When it makes sense:

  • AWS-exclusive deployments with managed orchestration

Challenges:

  • Vendor lock-in: Only works on AWS
  • Proprietary: Obscure error messages and AWS-specific concepts
  • Limited portability: Applications become tightly coupled to AWS services

The Blossom Alternative

For most applications, Blossom’s platform-managed approach delivers better outcomes:

  • Simplicity: SSH + Docker Compose is easy to understand and debug
  • Transparency: Standard Docker Compose files you can inspect exactly what’s running
  • Cost efficiency: No control plane infrastructure costs - you pay for the platform service
  • Full resource utilization: Every server runs your application, not orchestration overhead
  • Multi-cloud flexibility: Works across all major cloud providers and on-premises
  • Flexible scaling: Scale from 1 to many servers without architectural changes

This makes Blossom ideal for teams that want the benefits of container orchestration without the operational complexity of Kubernetes or Docker Swarm.

Consistent Remote Builds

One often-overlooked advantage of a managed platform is having a dedicated, consistent build environment.

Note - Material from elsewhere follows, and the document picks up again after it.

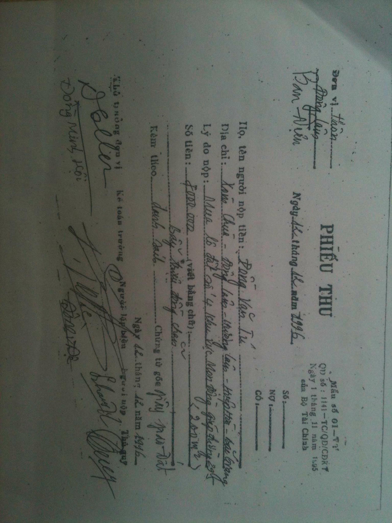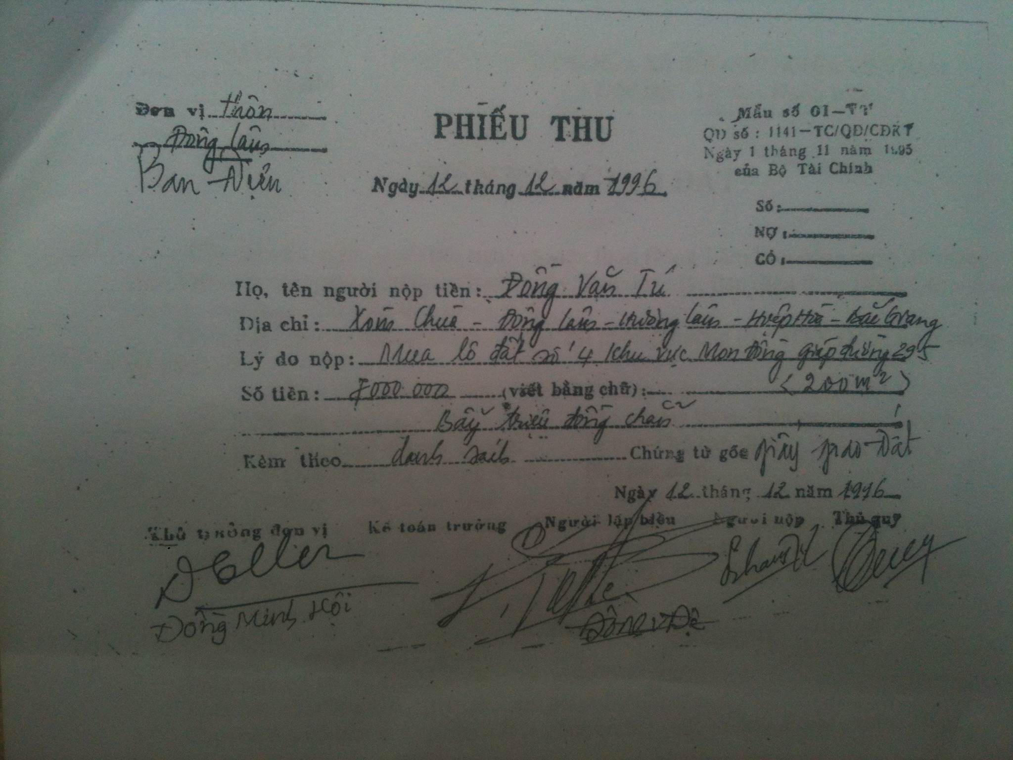 Theo ông Đồng Văn Tú, thời điểm đó ông mua 308,5m2 đất với số tiền 7,5 triệu đồng, đến nay tất cả biên bản bàn giao đất, phiếu thu tiền ông vẫn còn lưu giữ đầy đủ. “Hôm tôi đến xã lấy sổ đỏ hộ yêu cầu phải nộp thêm 138,8 triệu đồng thì mới được cấp. Hồi mới mua tôi đã nộp đủ tiền rồi, chính quyền địa phương bán cho thì chúng tôi mới vay mượn tiền để mua sao giờ lại bắt chúng tôi nộp tiền thêm lần nữa”, ông Tú bức xúc nói.

Many teams start with local builds—it works fine at first. But then:

  • A teammate needs to deploy and must replicate your local setup
  • Environment differences lead to “works on my machine” issues
  • OS updates break your build configuration
  • You realize you need a shared remote machine just for builds

Teams often end up creating a dedicated Linux box that everyone SSH’s into, or setting up Jenkins, GitHub Actions, or CircleCI—just to get consistent, reproducible builds.

Blossom sets up and manages a build server in your infrastructure automatically. Just tag a server with the build role, and Blossom configures it for consistent builds. Any team member can trigger deployments through the UI or git push—no local Docker or build setup required.

Scaling Architecture

Blossom’s architecture supports flexible scaling:

Single Server Setup

  • All components (load balancer, application, database) on one server
  • Lowest cost option for development or small applications
  • Simple to manage and debug

Multi-Server Cluster

  • Dedicated load balancer server running Caddy
  • Multiple web/application servers
  • Separate build server for Docker image building
  • Dedicated database server
  • High availability and horizontal scaling

You can start with a single server and scale up to a multi-server cluster without changing your application or deployment configuration. The orchestration automatically adapts.

Summary

Blossom’s orchestration approach prioritizes simplicity and transparency over complexity. By using SSH and Docker Compose instead of self-managed orchestration platforms, you get predictable deployments, easy debugging, and full control—without the operational burden of managing Kubernetes or Docker Swarm. You pay for the platform service that handles orchestration, not for control plane infrastructure, making it cost-effective from a single server to production scale.